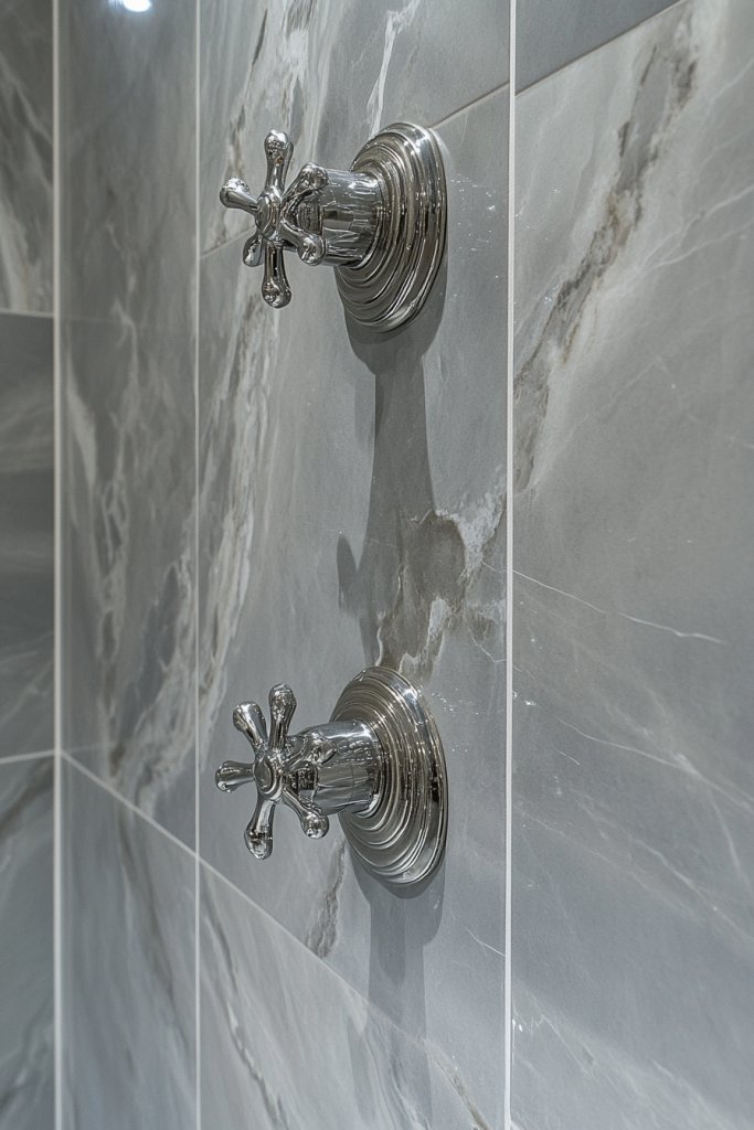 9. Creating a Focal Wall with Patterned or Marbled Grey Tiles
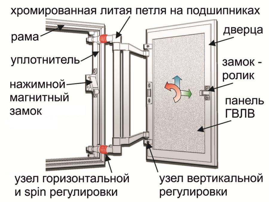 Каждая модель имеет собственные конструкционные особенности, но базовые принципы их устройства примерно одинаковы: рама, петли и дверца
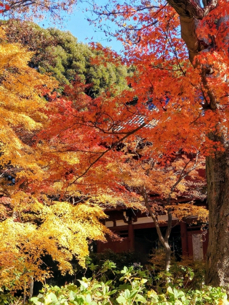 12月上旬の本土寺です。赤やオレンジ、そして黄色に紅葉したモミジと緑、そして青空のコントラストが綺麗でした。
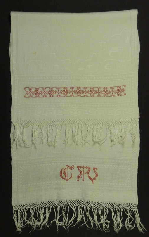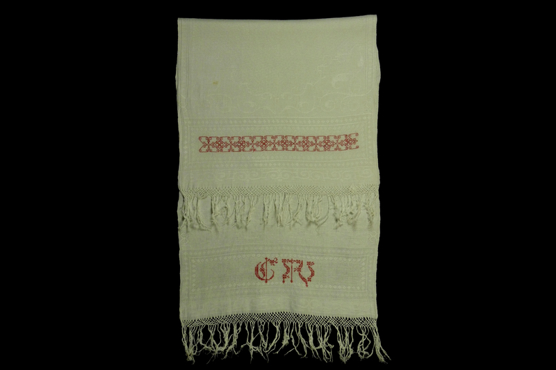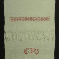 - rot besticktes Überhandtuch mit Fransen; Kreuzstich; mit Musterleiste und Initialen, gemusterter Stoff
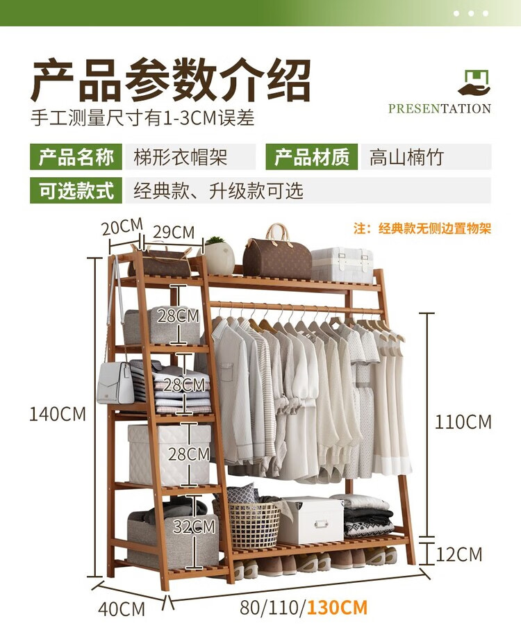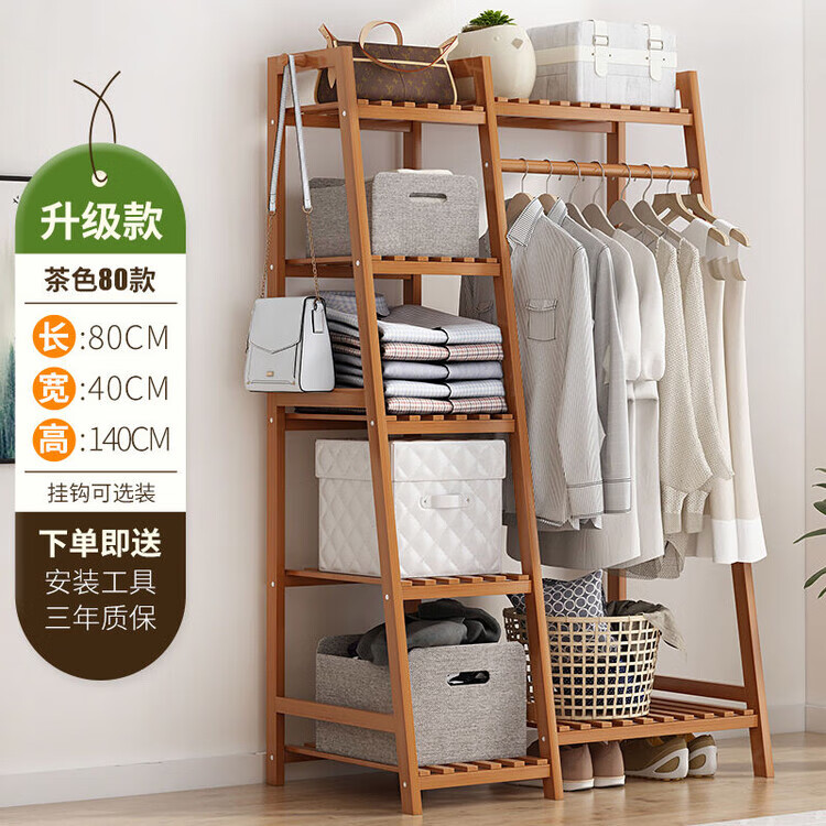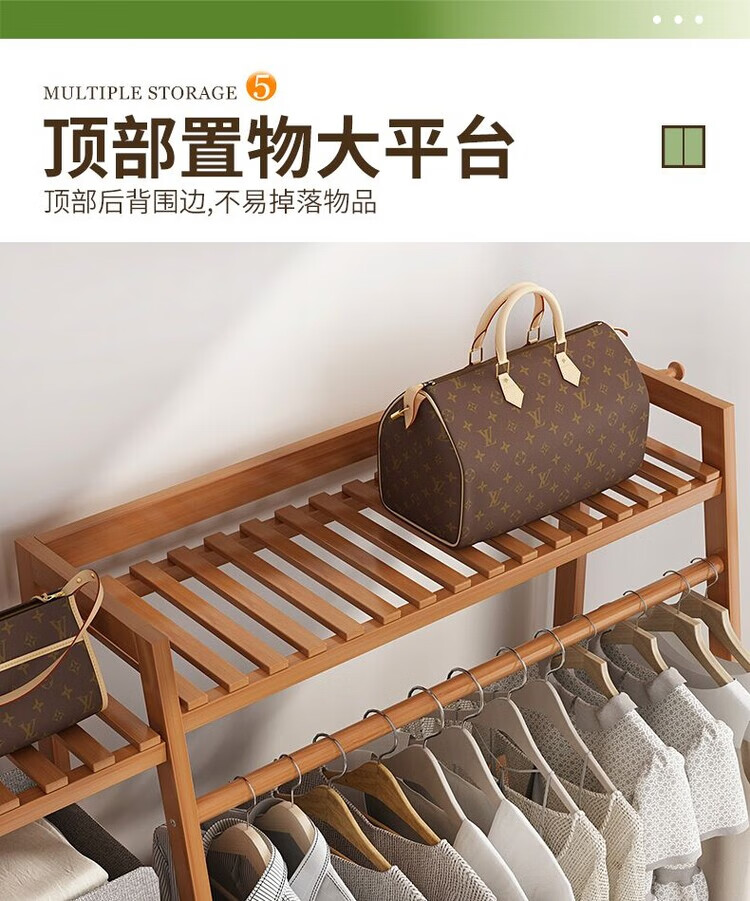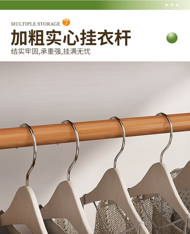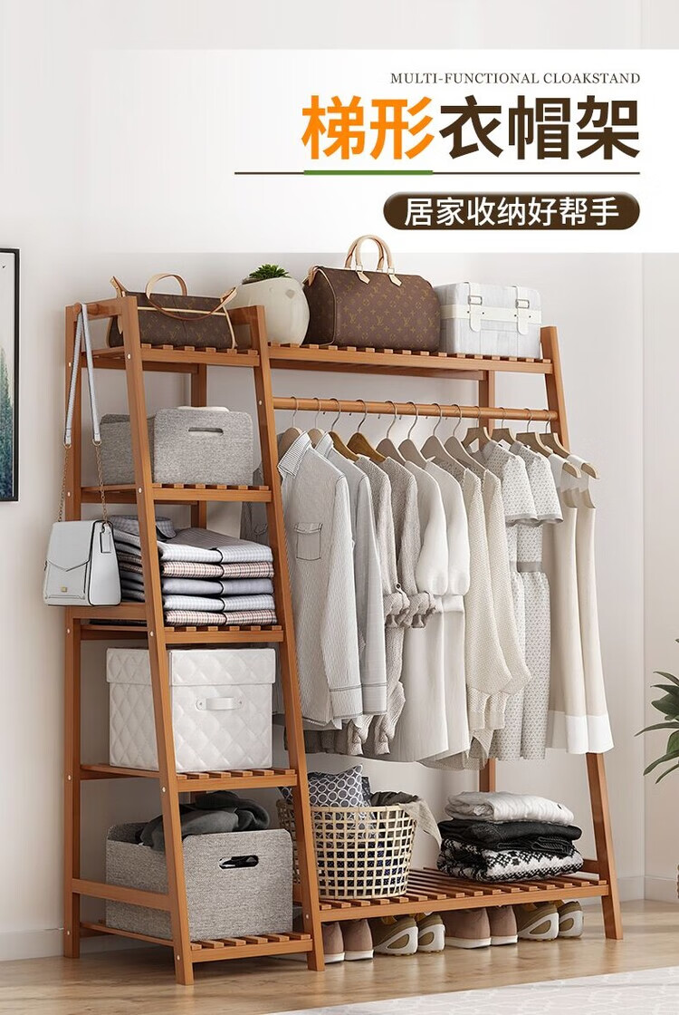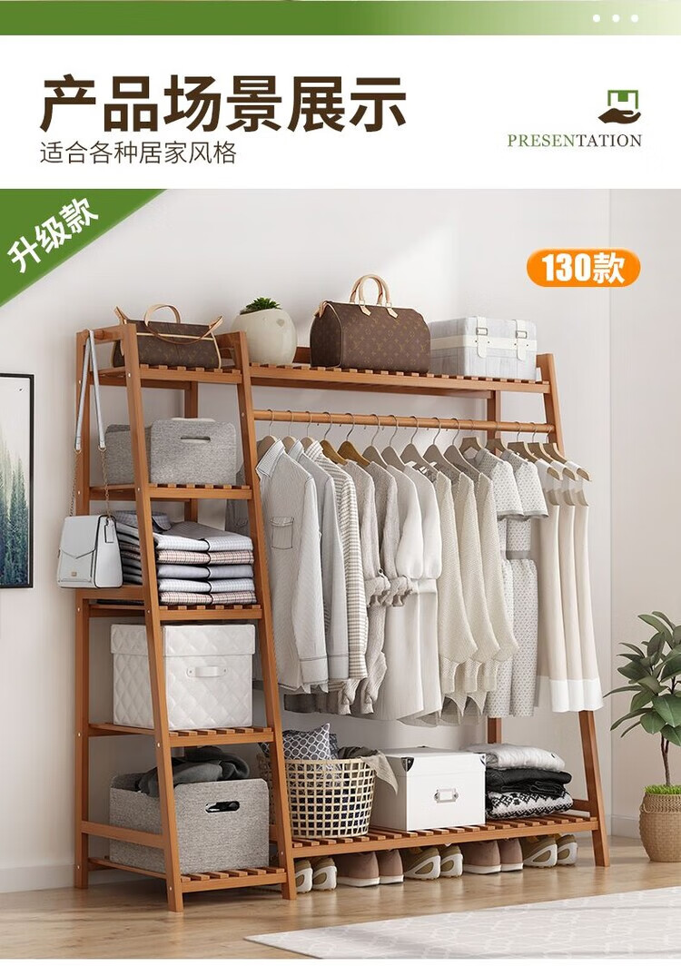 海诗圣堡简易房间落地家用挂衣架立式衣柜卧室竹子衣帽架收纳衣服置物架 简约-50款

________

Task description ▸ Where a record holds a picture, skip the picture and copy everything else exactly.

Exercise answer ▸
 9. Creating a Focal Wall with Patterned or Marbled Grey Tiles
 Каждая модель имеет собственные конструкционные особенности, но базовые принципы их устройства примерно одинаковы: рама, петли и дверца
 12月上旬の本土寺です。赤やオレンジ、そして黄色に紅葉したモミジと緑、そして青空のコントラストが綺麗でした。
 - rot besticktes Überhandtuch mit Fransen; Kreuzstich; mit Musterleiste und Initialen, gemusterter Stoff
 海诗圣堡简易房间落地家用挂衣架立式衣柜卧室竹子衣帽架收纳衣服置物架 简约-50款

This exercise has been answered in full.